Thomas Larcher's Die Nacht der Velorenen really is an interesting work, which we'll probably hear more of. His publishers are Schott, though this piece isn't available yet. However, his 2002 song cycle for soprano, violin, cello and piano, My illness is the Medicine I need is available. In fact it's being performed at the Wigmore Hall on 24 November with Claire Booth, who's very good indeed – another must-go concert. Böse Zellen, also premiered by the London Sinfonietta this week, will be on at Zankel Hall in May (piano and orchestra).

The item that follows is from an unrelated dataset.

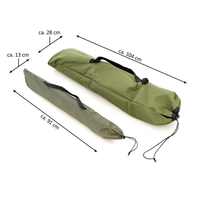 Stalowa rama zapewnia stabilną pozycję na każdej powierzchni, na plaży w piasku, łące i kamieniach. Dla jeszcze bardziej komfortowego snu wysoki namiot oferuje wystarczająco dużo miejsca na podkładkę izolacyjną lub materac jako dodatkową podkładkę. Okno z moskitierą zapewnia przytulną atmosferę i dopływ świeżego powietrza, ale jednocześnie chroni przed nieprzyjemnymi owadami. Namiot można zamknąć na zamek błyskawiczny. Namiot z leżakiem jest łatwy i szybki do ustawienia. Łóżko kempingowe i namiot zewnętrzny mogą być używane osobno.

The texts used are recently published fragments from Ingeborg Bachmann, the poet who fascinated Paul Celan and Hans Werner Henze. These aren't formal poems, but fragments, but it was this very brittleness that attracted the composer, "to transcend their rawness by compositional means". So, not conventional word painting but the opposite. It's as if the music expresses what's beyond the text. The singer listens a lot, the words singing like a commentary on the music. This was written for Matthias Goerne, and it sounds as if it was written "with" him, too, for there's a lot of "listening", dialogue between voice and orchestra, as if they are bouncing ideas off each other. Larcher uses an interesting sub group of piano, double bass and, of all things, an accordion, whose dark timbre reflects the baritone's voice.

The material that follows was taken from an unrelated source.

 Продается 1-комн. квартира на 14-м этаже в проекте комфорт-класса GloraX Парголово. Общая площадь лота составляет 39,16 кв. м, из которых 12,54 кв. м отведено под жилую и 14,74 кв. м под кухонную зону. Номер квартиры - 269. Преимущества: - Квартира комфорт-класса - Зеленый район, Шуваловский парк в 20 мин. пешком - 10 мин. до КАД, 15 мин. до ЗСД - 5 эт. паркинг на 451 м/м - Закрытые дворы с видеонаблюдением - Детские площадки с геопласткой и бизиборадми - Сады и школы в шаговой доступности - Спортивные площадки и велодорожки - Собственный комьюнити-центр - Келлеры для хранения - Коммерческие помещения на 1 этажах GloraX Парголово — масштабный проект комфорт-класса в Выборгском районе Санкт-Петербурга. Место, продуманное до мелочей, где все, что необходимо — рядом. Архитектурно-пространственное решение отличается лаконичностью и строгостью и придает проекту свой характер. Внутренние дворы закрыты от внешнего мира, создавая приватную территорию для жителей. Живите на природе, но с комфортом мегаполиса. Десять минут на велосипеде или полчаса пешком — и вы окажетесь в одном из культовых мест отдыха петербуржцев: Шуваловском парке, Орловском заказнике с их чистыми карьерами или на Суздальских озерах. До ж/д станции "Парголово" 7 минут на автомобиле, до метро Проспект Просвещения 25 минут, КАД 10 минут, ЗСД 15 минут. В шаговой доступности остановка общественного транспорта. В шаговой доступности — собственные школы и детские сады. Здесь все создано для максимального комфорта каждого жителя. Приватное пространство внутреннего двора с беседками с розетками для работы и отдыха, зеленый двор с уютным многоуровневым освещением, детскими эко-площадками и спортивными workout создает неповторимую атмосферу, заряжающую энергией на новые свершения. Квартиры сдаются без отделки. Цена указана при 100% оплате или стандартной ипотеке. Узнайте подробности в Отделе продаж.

The introduction is fairly long - fast, rustling figures shrill but clear, then gently deflating diminuendo that becomes softly pounding ostinato. I thought at the time of a clear stream, like a brook in Schubert churning along, entering a deep, still pool. The "pounding" of piano, accordion and double bass made me think of rocks on riverbeds. So what a surprise to read Larcher's note in the programme later: "Here I was encountering not polished surfaces but instead rough stones, on to which I could hold and claw my way forward." It's certainly not literal, descriptive music, so it's uncanny that such images jumped into my imagination.

The poems blend into the music, and sometimes elide into one another. "Ich habe die Wahrheit gesehen .......verschlungen von einer Riesenschlange die in ihren Bauch sie aufbläht..." the piano beats crazy staccato, the winds swirling, circular figures. The dark centre of the cycle is a simple 6 line poem "Im Lot" It's numb, beyond pain "Du sollst ja nicht weinen". Instead of crying, the sense of tight chested breathing, impassive yet unpeaceful, watching, listening, tense. Suddenly tubular bells from the percussion lifting out of the misery, yet distant, and the "riverbed" ostinato returns – this is literally "rock bottom ".

What';s also striking about this piece is the physicality, the sense of "breathing", up and down cadences like exhalation and inhalation. It gives an eerie sense of presence, like there's someone unseen hidden in the music. So all that listening has a very natural, organic feel, the idea of dialogue again. The final song "So stürben wir um getrennt zu sein" is tantalisingly inconclusive, opening outwards yet again. The clear Schubertian brook, but deceptively so. The poet is trying to sound confident but it's illusion, and she knows it.

An absolutely magnificent performance by Matthias Goerne. Of the three concerts he sang in six days, this was the finest, exceptional, perhaps closest to his heart. Audience ecstatic – a wonderful piece of music, so original and distinctive.